Manila-dwellers in need of a good pork fix, rejoice: Cebuano favorite Zubuchon can now be had within the city, open seven days a week and ready to serve up their signature lechon and other specialties.
The Makati branch also features its own roasting room, where backyard-raised pigs are roasted daily.
It was in 2011 that Joel Binamira (known to the online dallas filipino restaurant community as Marketman of the Market Manila blog) first opened Zubuchon along One Mango Mall in Cebu, giving the public a taste of the famed roasted suckling pig—the culmination of multiple experiments that had been chronicled on the blog and which had famously earned the praise of no less than Anthony Bourdain.
L: In true Filipino fashion, Zubuchon plays host to numerous gatherings and reunions. | R: Cleanse your palate with sips of their decidedly tart Kamias Shake in between bites of their hearty mains.
“What triggered the desire to experiment with cooking our own lechon was the incredible rise in [the] use of MSG as the PRIMARY ingredient [in most commercial iterations of lechon], which was most definitely NOT the case some 2-3 decades ago,” shares Binamira. While he clarifies that there is nothing inherently wrong with the use of the controversial ingredient, he laments its overuse for the purpose of “[masking] poor ingredients, shortcut methods, [and] time”. Zubuchon’s lechon pays homage to the old-fashioned way of things, taking the time to cook pigs low and slow, and focusing on quality ingredients: backyard-raised pigs, almost all of which are sourced from Cebu; fresh and dried herbs and spices that go into the pig’s bellies; natural sea salt; and coconut water, with which the pigs are basted for its medium-brown hue on the exterior.
We live in a world of increasing instant gratification. But the honesty, integrity, joy, flavor, and substance that comes from using good ingredients, treating them with respect, using technique and attention to extract natural flavor and yield a delicious, natural dish, is the reward in and of itself.”
The resulting roasted pig boasts of succulent meat that tastes clean but nonetheless flavorful, redolent with herbs and with just the right amount of saltiness that it’s plenty tasty, even on its own. The best part however is the skin, which comes out thin and crisp with an audible, cracker-like crunch—the result of an ingenious “hand-pricking” method which allows air to get in between the skin and its underlying fat.
Bring home Zubuchon goodness with a bottle or two from their own line of pantry items (we love their Mango Preserves!). The pasalubong corner also features products from other Cebuano brands.
Though you should definitely come over for the lechon, Zubuchon also offers a slew of other dishes that are great in their own respect. Some of these dishes feature their lechon as incorporated in other Filipino classics (Sinigang, Monggo, and Sisig, just to name a few) or in other contemporary creations (one of our favorites of which is their lechon-topped Mustasa salad). Other Filipino dishes and Cebuano favorites are available, following the same philosophy of “real, natural, slow-cooked, [and] old-fashioned methods and flavor extraction”.
It’s hard to choose, but here are two we’d make sure to always add to our list of orders:
Fish Skin Tacos
Should you wish to start your feast on a lighter note, this fun appetizer is the way to go. You get twice the fishy goodness with fish skin chicharon that play the role of tortilla chips, and a small platter of kinilaw (made with tanigue fish or tuna) that packs on the piquancy and a welcome heat. Create your own mini-”tacos” by piling on the kinilaw mixture onto the fish skins, and enjoy the multiple contrasts of flavors and textures in each bite: an airy crispness and natural umami from the skins, plus the tart-spicy profile and crisp-chewy textures of the kinilaw.
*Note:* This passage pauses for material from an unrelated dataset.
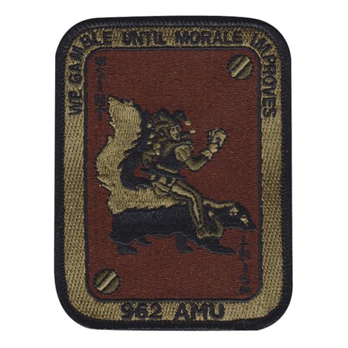Custom patches for the 962nd Aircraft Maintenance Unit at Joint Base Elmendorf-Richardson, Anchorage, Alaska. Our 962 AMU patches are 100% embroidered with Velcro backing.
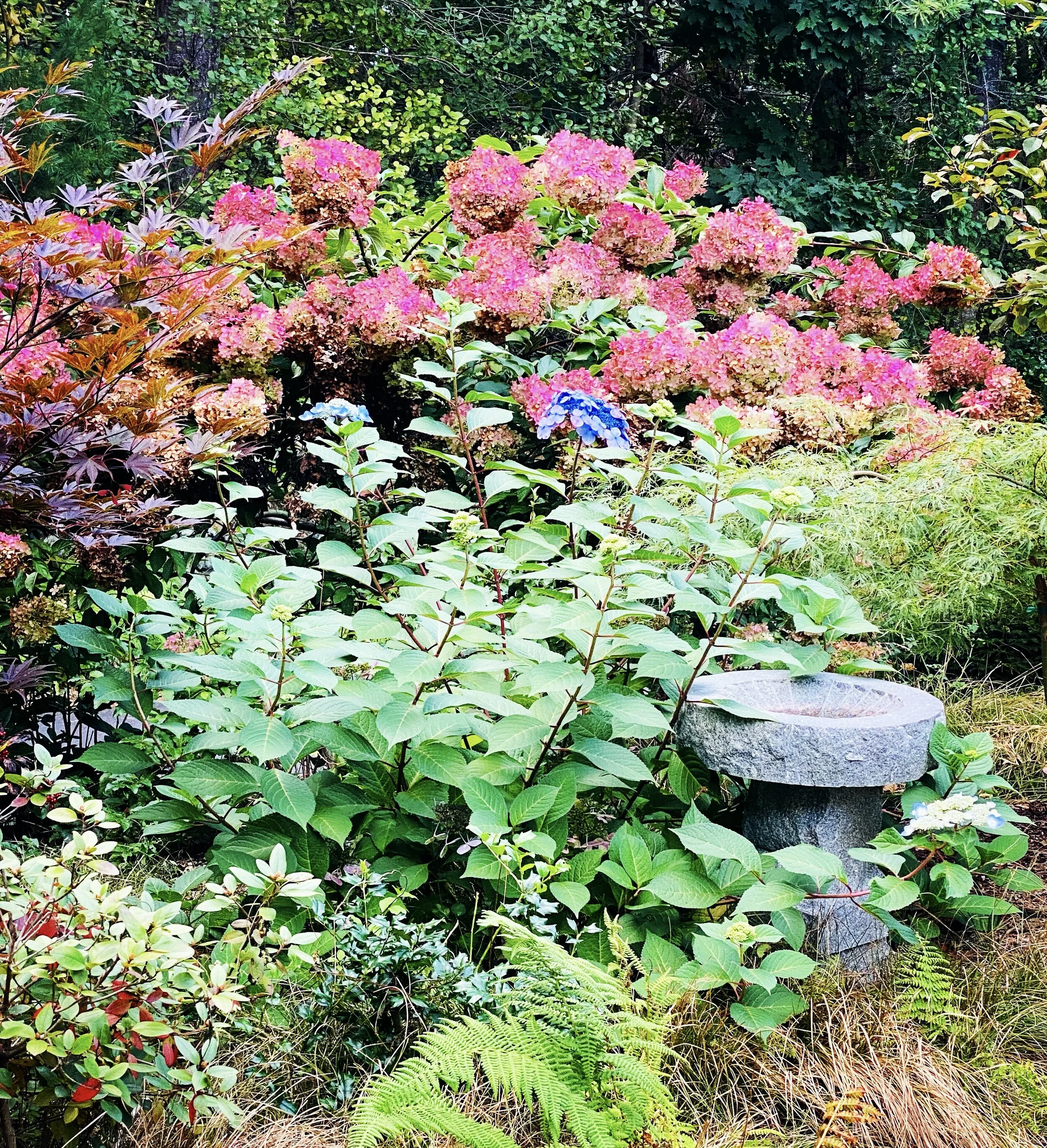 The summer days of waking and walking out into the yard without a sweater or something on my feet have passed. But the cool fresh air draws me to running. I take a three-mile run through the woods, and my phone is malfunctioning, and so I get no pictures. Charlie trails me. But he hangs in. I’m not going fast. I run through Rocky Narrows and get caught in a little bit of mud in my new running shoes. They are baptized now with messy woods. This area of the trail is swampy and under a thick canopy and there are multiple brooks, tiny ones that run through it. I run past the cattails in the marsh under the open sky and broken trees. I run over the tree roots that want to trip me up, I run so very very slowly up the hills, and notice all the berries on the dogwood, bright red and the leaves that have fallen in full color onto the trail. Then, when I am done, I am at my desk in the nicely quiet house. There is writing to read in my monologue course. Tonight I went looking for a new audible book. I have downloaded a memoir about the author Louise Fitzhugh who wrote one of my favorite books as a girl, Harriet the Spy. In the late afternoon I walked around the yard and our trails with the special one and we smelled the herbs. The hydrangea by the birdbath in one of the front gardens is wine colored and, in front, the blue one is just bursting into bloom. Tonight, bright in the sky, the Harvest Moon, waning. And Frank is home.

The classic Filipino pork blood stew already carries so rich and heavy a reputation in itself that the addition of lechon might sound a tad over-the-top, but Zubuchon does a surprisingly balanced take on the dish while staying true to traditional flavors. Thick but still on the soupy side, this version replaces the more conventional pig innards with chunks of their lechon, simmered until they melt into the stew’s hearty base. Picky diners need not fret; the blood does not overpower, with its mineral undernote beautifully evened out by the creaminess of gata, a hint of a vinegar-y tang, and a mild spiciness that warrants extra helpings of rice. Finishing off the dish are crumbles of their own chicharon for a crisp, salty contrast that enlivens the stick-to-your-ribs dish.
A Cebu-hailing Filipino restaurant best known for their all-natural take on lechon.